As you can see, he and my pit bull Rambo are best friends. The catahoulas tolerated him the first couple weeks, and now they all play together and have mutual respect. I feel like the luckiest girl in the world - my dogs are so wonderful. Couldn't ask for a better pack! :thumb:


----------



## NewYorkDogue (Sep 27, 2011)

Adorable-- congrats!

And his coat color fits right in...


----------



## catahoulamom (Sep 23, 2010)

NewYorkDogue said:


> Adorable-- congrats!
> 
> And his coat color fits right in...


Thank you!

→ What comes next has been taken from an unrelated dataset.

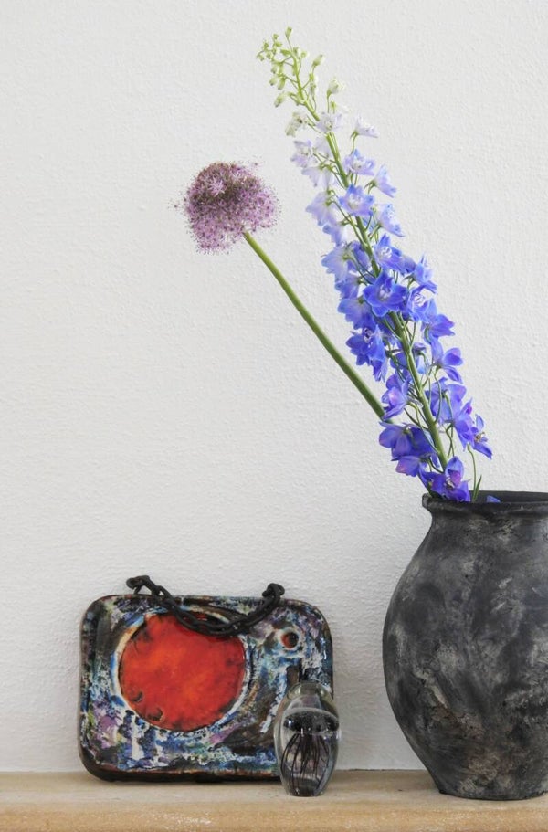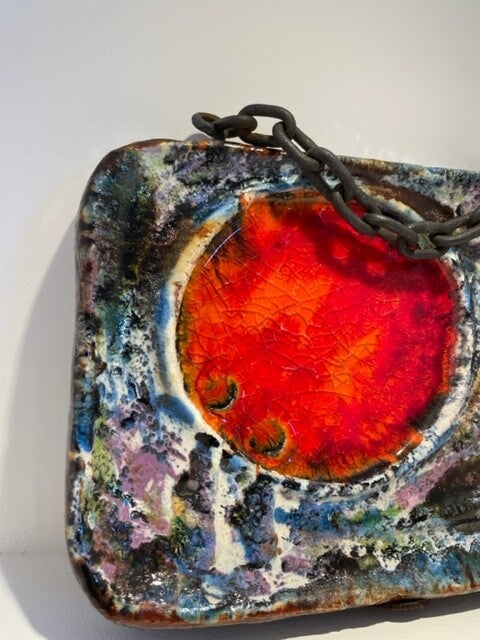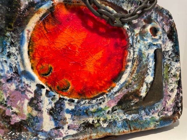 Mooie vintage wandplaquette van Helmut Schäffenacker. Deze plaquette met zijn prachtig kleurgebruik en stoere ketting als (toffe tegen)hanger is een waar stukje speciaal design voor aan de muur!
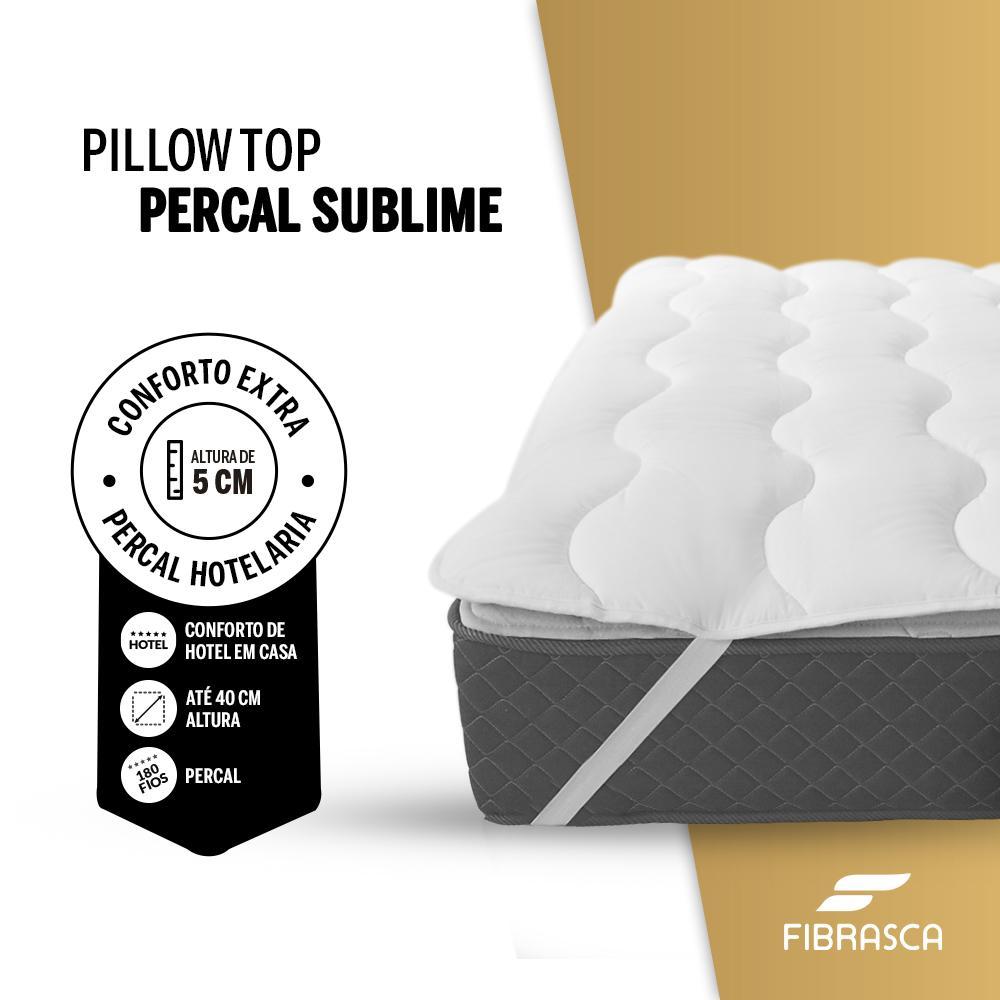 O Pillow Top Percal Sublime Fibrasca Foi Desenvolvido Para Trazer O Conforto Do Colchão De Hotel Para Casa. Com O Revestimento Superior Em Percal 180 Fios Tipo Hotelaria, 65% Algodão E 35% Poliéster, Traz Um Frescor E Durabilidade Maior Devido A Tecelagem Plana Feita Neste Tecido. E A Parte Inferior Em Microfibra Peletizada Com Acabamento Em Matelassê Oferecendo Muito Mais Conforto E Suavidade Ao Toque Podendo Usar O Produto Dos Dois Lados. O Pillow Top Percal Sublime Fibrasca Tem 5cm De Altura E Possui Alças Ajustáveis Para Colchões Com Até 40cm De Altura É O Produto Ideal Para Quem Busca Maciez E Suavidade Na Hora Do Descanso.

He does doesnt he?! No secret, I'm a Merle addict.


----------



## lauren43 (Feb 6, 2011)

He was Chandler right? His colors have changed so much since he was born.


----------



## kathylcsw (Jul 31, 2011)

Wow he has gorgeous coloring. Congrats!


----------



## Herzo (Feb 5, 2011)

Congrats, I was wondering when someone on here would get one of Linsey's pups. I did notice yesterday on a post you made that you had a dane puppy listed on the bottom. And it did cross my mind could it be one of corgipaws.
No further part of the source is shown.